EXERCISE INSTRUCTIONS: Once you find the line with "Les Silent disco" in the entries below, print it and each line after it up to and including the line with "Regular price $166.96This", exactly, without pictures.

--- PROVIDED ENTRIES ---

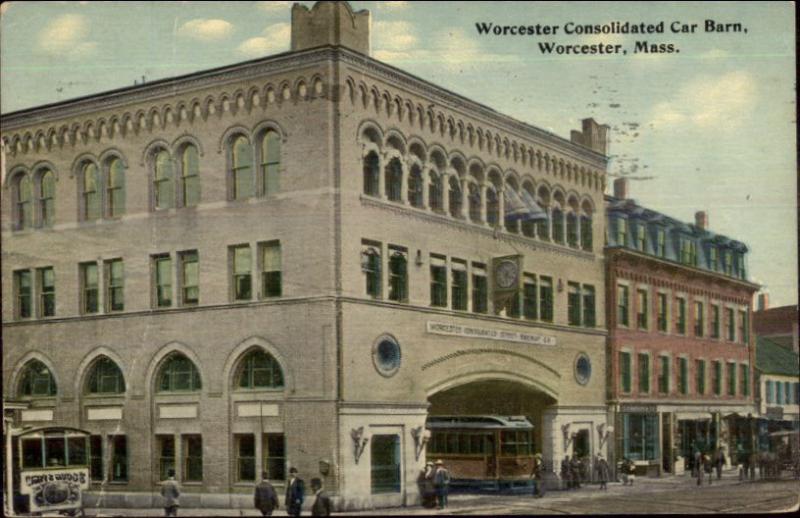 Worcester MA Consolidated Car Barn c1910 Postcard
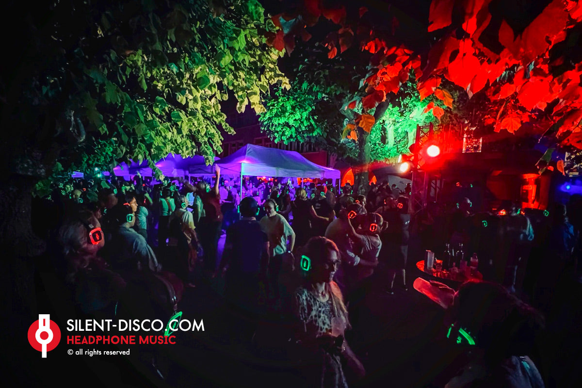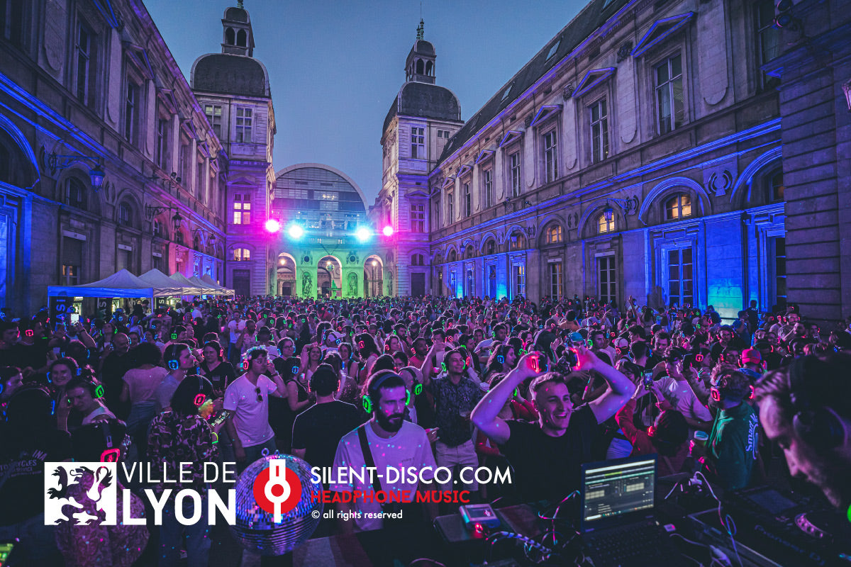 Les Silent disco reposent sur un système de diffusion de musique via un réseau de casque sans fil qui procure une expérience très différente de celle ressentie lors de l'utilisation d’enceintes amplifiées classiques.
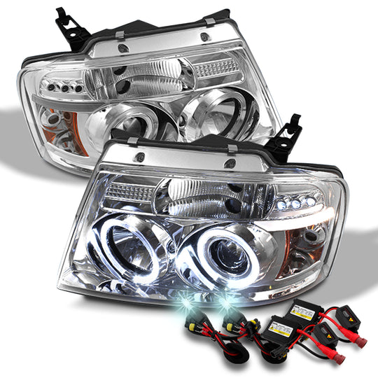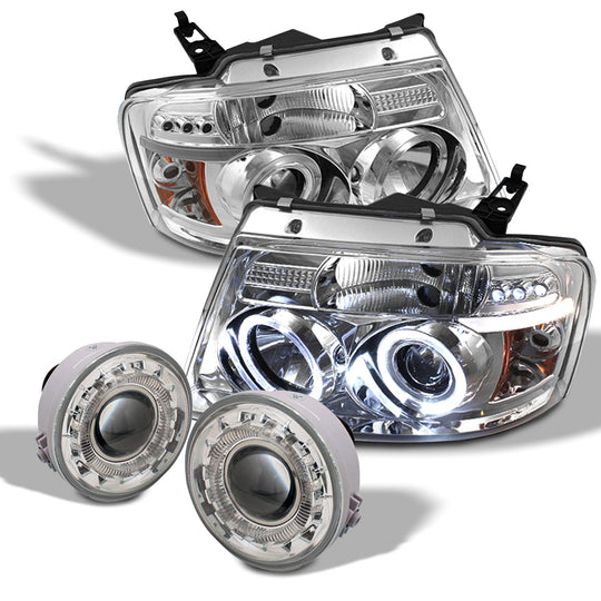 Regular price $166.96This is a 100% brand new pair of Headlights Replacement Assemblies in Polished Chrome Housing With Crystal Clear Lens + 6000K HID Compatible With: 2004-2008 Ford F-150 2006-2008 Lincoln Mark LT Attention: Not Compatible on 2004... -
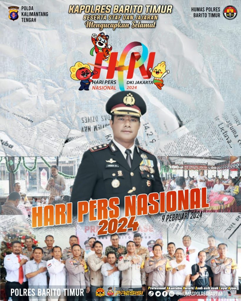 Tamiang layang (SPIRITNUSANTARA.COM) – Memperingati Hari Pers Nasional 2024, Kapolres Barito Timur, AKBP Viddy Dasmasela, dengan tegas menyampaikan pesan kepada seluruh wartawan di wilayah setempat untuk menjaga keutuhan bangsa dan mengawal Pemilu 2024.
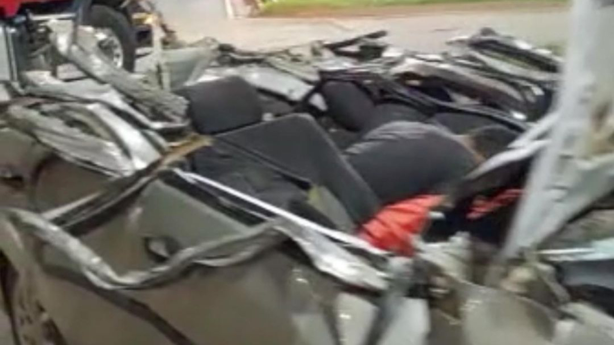 Segundo o Corpo de Bombeiros, o impacto da batida foi tão forte que arrancou o teto do carro e destruiu toda a parte frontal do veículo.
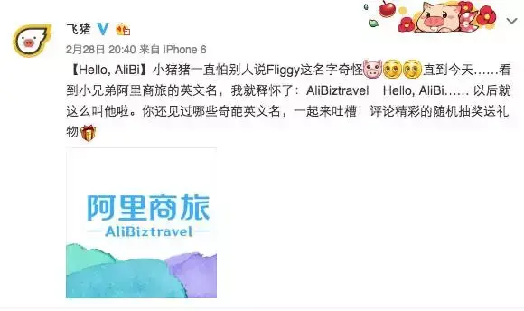 昨天连飞猪官方微博都忍不住吐槽:本来以为觉得自己英文名“Fliggy”很奇怪,但看到阿里商旅的AliBi,终于释怀了……
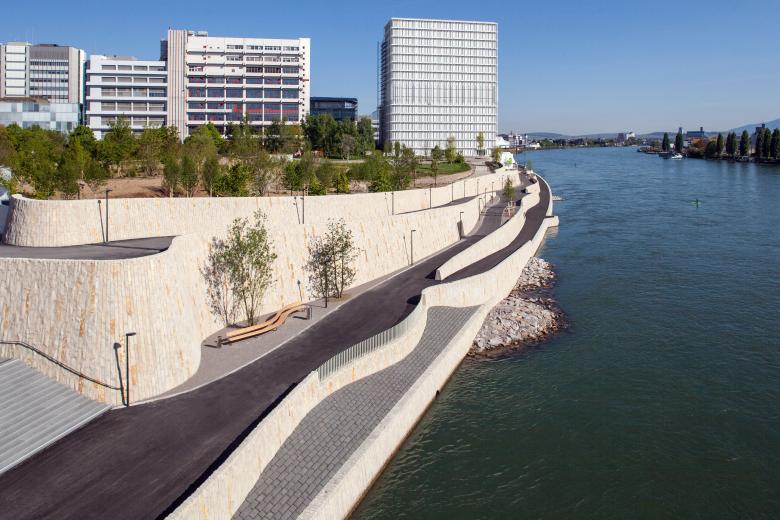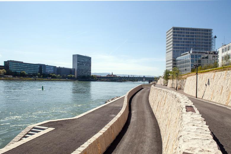 Am Rheinufer zwischen dem St. Johanns-Park und der französischen Grenze, wo früher ein geschlossenes Hafenareal lag, ist eine neue Promenade für Fussgänger und Fahrradfahrer entstanden. Sie ist das Resultat von neun Jahren Planung und Bau. Die über 600 Meter lange Promenade zwischen Rhein und Novartis Campus ist nur 10 bis 30 Meter breit, überwindet aber eine Höhe von bis zu 10 Metern.
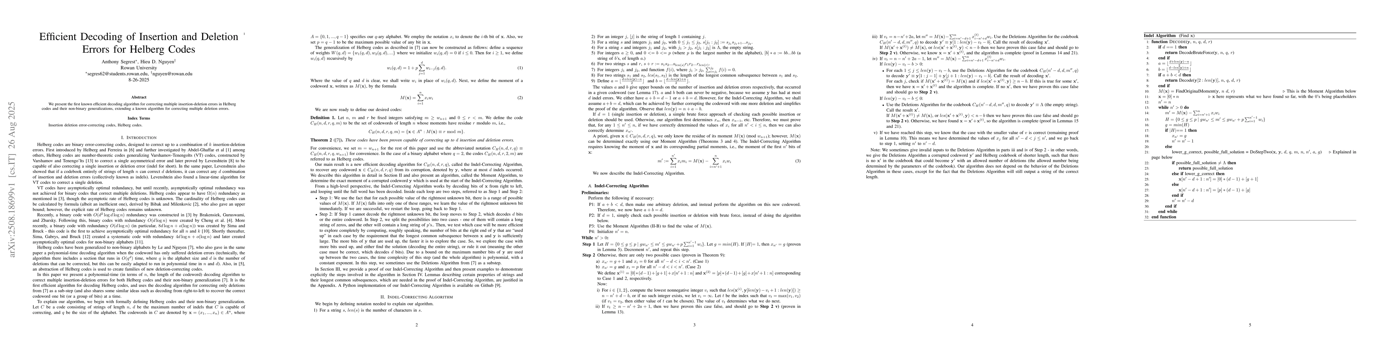 We present the first known efficient decoding algorithm for correcting multiple insertion-deletion errors in Helberg codes and their non-binary generalizations, extending a known algorithm for correcting multiple deletion errors.
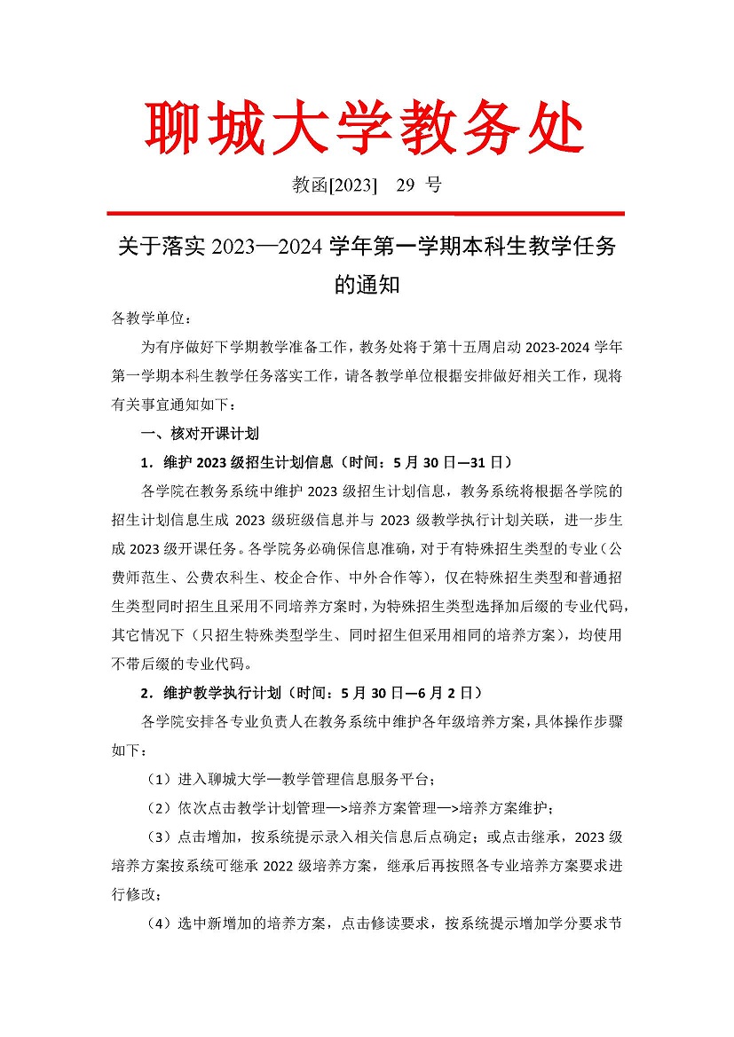 关于落实2023—2024学年第一学期本科生教学任务的通知
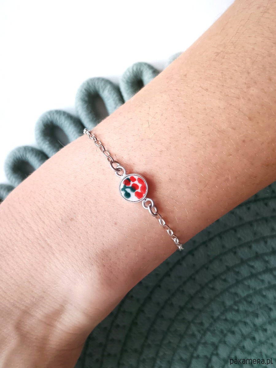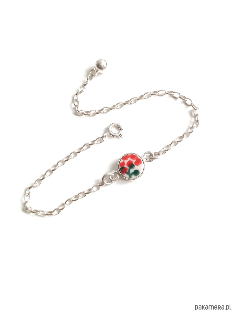 Ceramika w Bolesławcu i jego okolicach produkowana była już w XIV wieku. Do dziś najważniejszy surowiec, czyli glina wydobywany jest na miejscu, a tradycja wyrobu naczyń ceramicznych, rozwijana i kultywowana przez wieki - trwa. Bolesławiec jako marka, tworzona przez kilkadziesiąt różnych manufaktur, znana jest na całym świecie, a charakterystycznego wzoru w kobaltowe kropki nie sposób pomylić z żadnym innym. Co najbardziej wyróżnia Bolesławiec, to że szkliwo nakładane jest ręcznie, za pomocą stempelków z gąbki. Oto delikatna bransoletka, którą wykonałam z fragmentu stłuczonego talerza, wykonanego właśnie w Bolesławcu. Kawałek stłuczki oszlifowałam, osadziłam w srebrnej oprawie i zamocowałam na srebrnym łańcuszku (srebro 925). Długość łańcuszka w całości: 18 cm. Średnica zawieszki: 8 mm. Bransoletkę można zapiąć na dowolne ogniwko, co daje możliwość regulacji rozmiaru. Na końcu łańcuszka zamocowałam zawieszkę w kształcie kuli, również ze srebra. Unikat - każdy z moich wyrobów występuje w jednym egzemplarzu. Upcykling - nie reprodukuję wykorzystywanych wzorów, niczego nie domalowuję - wykorzystuję wyłącznie oryginalne naczynia i motywy, które się na nich znajdują. Tym samym, stłuczce z odzysku nadaję nowe życie.
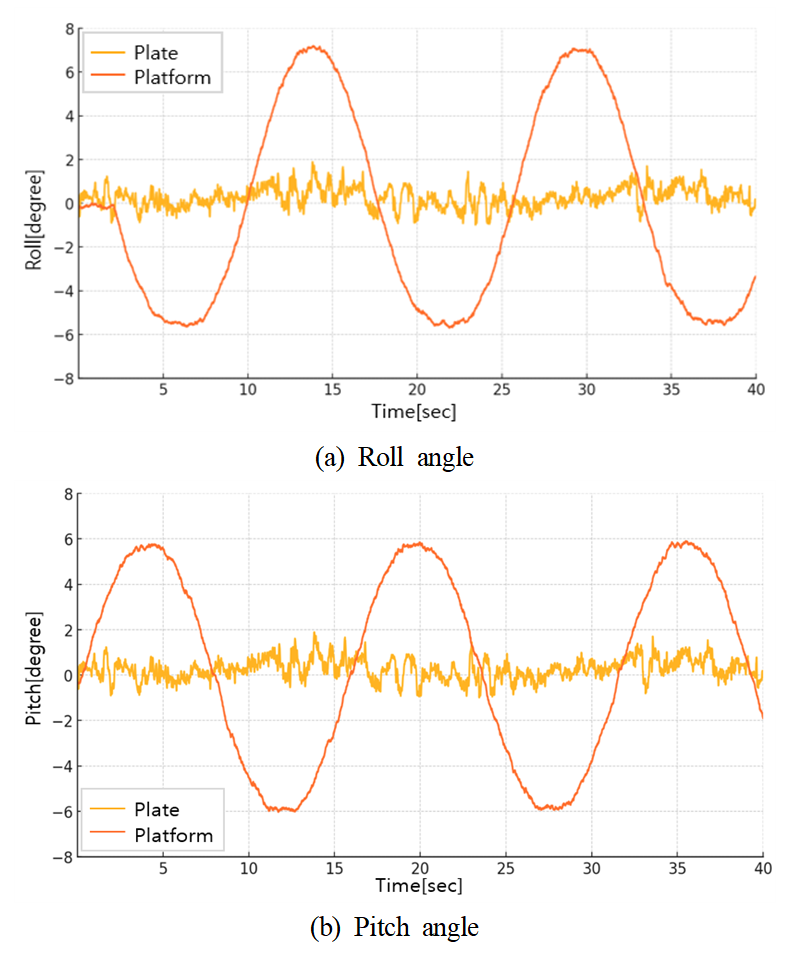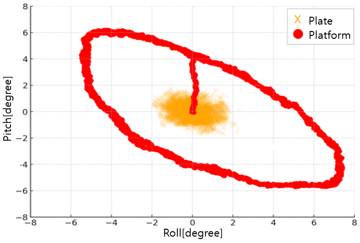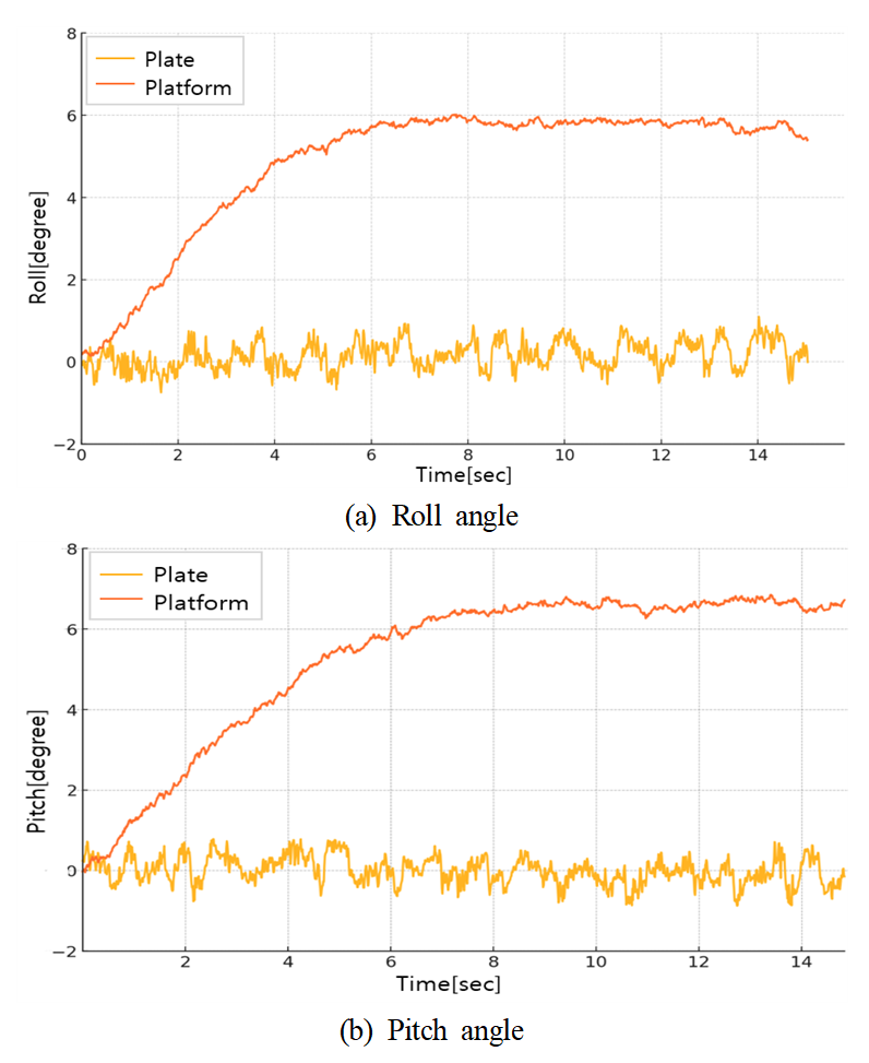 μ₯μΉμ IMU μΌμλ ννν μ§λ©΄μ μλλΌλ λ‘€, νΌμΉ κ°λκ° νμ 0Λλ₯Ό μ μ§ν μ μλ€. λ°λΌμ λͺ¨ν° κ°λ κ°μ λμΌν κ°μΌλ‘ ν΅μΌν μνμμ

---

ANSWER SPACE:
 Les Silent disco reposent sur un système de diffusion de musique via un réseau de casque sans fil qui procure une expérience très différente de celle ressentie lors de l'utilisation d’enceintes amplifiées classiques.
 Regular price $166.96This is a 100% brand new pair of Headlights Replacement Assemblies in Polished Chrome Housing With Crystal Clear Lens + 6000K HID Compatible With: 2004-2008 Ford F-150 2006-2008 Lincoln Mark LT Attention: Not Compatible on 2004... -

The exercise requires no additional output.